Écouter Jeffrey Tate
Je travaille ces jours-ci sur un documentaire de 52 minutes (« un 52 minutes », quoi – tiens, à l’occasion, je ferai un petit glossaire des expressions typiques de la traduction audiovisuelle) sur le chef d’orchestre Jeffrey Tate. Je ne connaissais pas du tout ce monsieur, qui est pourtant une sommité, dans son genre. Il n’est ni chaleureux ni particulièrement sympathique, mais curieusement, il me plaît beaucoup.
Déjà, c’est un Anglais pur jus de Salisbury, avec un accent très marqué (mais pas snob pour deux sous, hou-hou) et une façon inimitable de dire des choses du style « it’s absolutely fascinating » ou « I am a nut for Strauss ». Et ça, j’adore. Parce qu’à force de traduire de la téléréalité américaine et des intervenants allemands, turcs ou islandais qui s’expriment dans un global English certes correct mais profondément dénué de charme, j’en oublierais presque comment parlent les vrais-de-vrais Anglais.
Mais en plus, il dit des choses intéressantes (et ce n’est pas toujours le cas en documentaire…) Par exemple, il compare la porcelaine de Meissen du début du XVIIIe siècle à la musique de Bach (1685-1750, donc). Ça a l’air moyennement groovy, présenté comme ça, mais en fait, c’est très bien vu (et puis je vous rassure, sur les 52 minutes, la digression « porcelaine » dure 3 minutes tout au plus) : fin connaisseur, mister Tate a tout de suite détecté une parenté entre ces deux arts, dans la maîtrise technique absolue, la simplicité des lignes alliée paradoxalement à une surcharge d’ornement(ation)s et à d’extravagantes courbes (sur les soucoupes)/envolées (dans les fugues)…
J’aime bien les documentaires bien fichus qui mettent en lumière, comme ça, des parallèles, des parentés inattendues, des petits détails éclairants.

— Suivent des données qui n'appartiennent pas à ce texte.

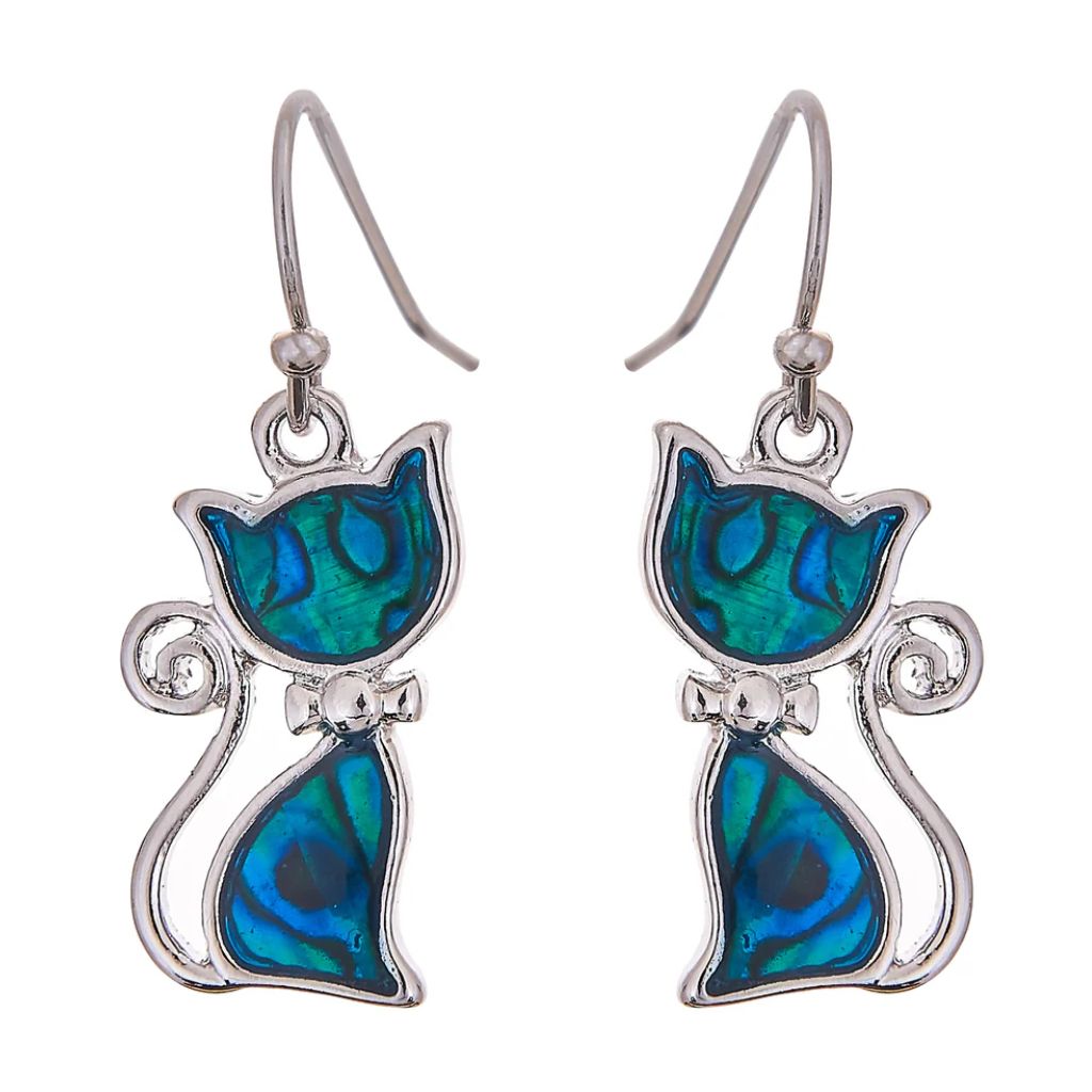 - Natural Paua Shell Pussy Cat Earrings.

Ça m’amuse aussi de voir comment le réalisateur fait ses choix : il a suivi le personnage principal de son docu pendant plusieurs jours, et il garde au montage cette petite séquence sur la porcelaine, parce qu’elle lui paraît plus qu’anecdotique. C’est l’occasion de révéler une autre facette du bonhomme et de le faire parler de son propre rapport à l’art en empruntant des chemins détournés. Rien d’inhabituel dans ce procédé, sans doute, mais ces petits moments-là sont toujours une bouffée d’air frais appréciable entre repères biographiques et blablas sur les mérites respectifs de Wagner et de Britten.
Par ailleurs, Jeffrey Tate a eu une vie pleine de chemins de traverse aussi : une enfance passée entre un fauteuil roulant et un corset pour cause de malformation de la colonne vertébrale. Une découverte de, puis une rencontre avec Britten dans ses jeunes années. Une première carrière dans la chirurgie oculaire, puis un virage à 180° vers la musique à 35 ans. Des débuts comme répétiteur au Royal Opera House et accompagnateur de Georg Solti (il pensait alors rester un « homme de l’ombre », le naïf !). La révélation Wagner. Etc, etc. Pour la suite de sa carrière, voyez par exemple cette page biographique factuelle sur le site de France Musique. Pour le reste, l’homme, l’artiste, son énergie, tout est dans le docu…
Après ça, j’enchaîne sur un 52 minutes consacré à Karlheinz Stockhausen. Je vous en dirai des nouvelles (aïe, les oreilles).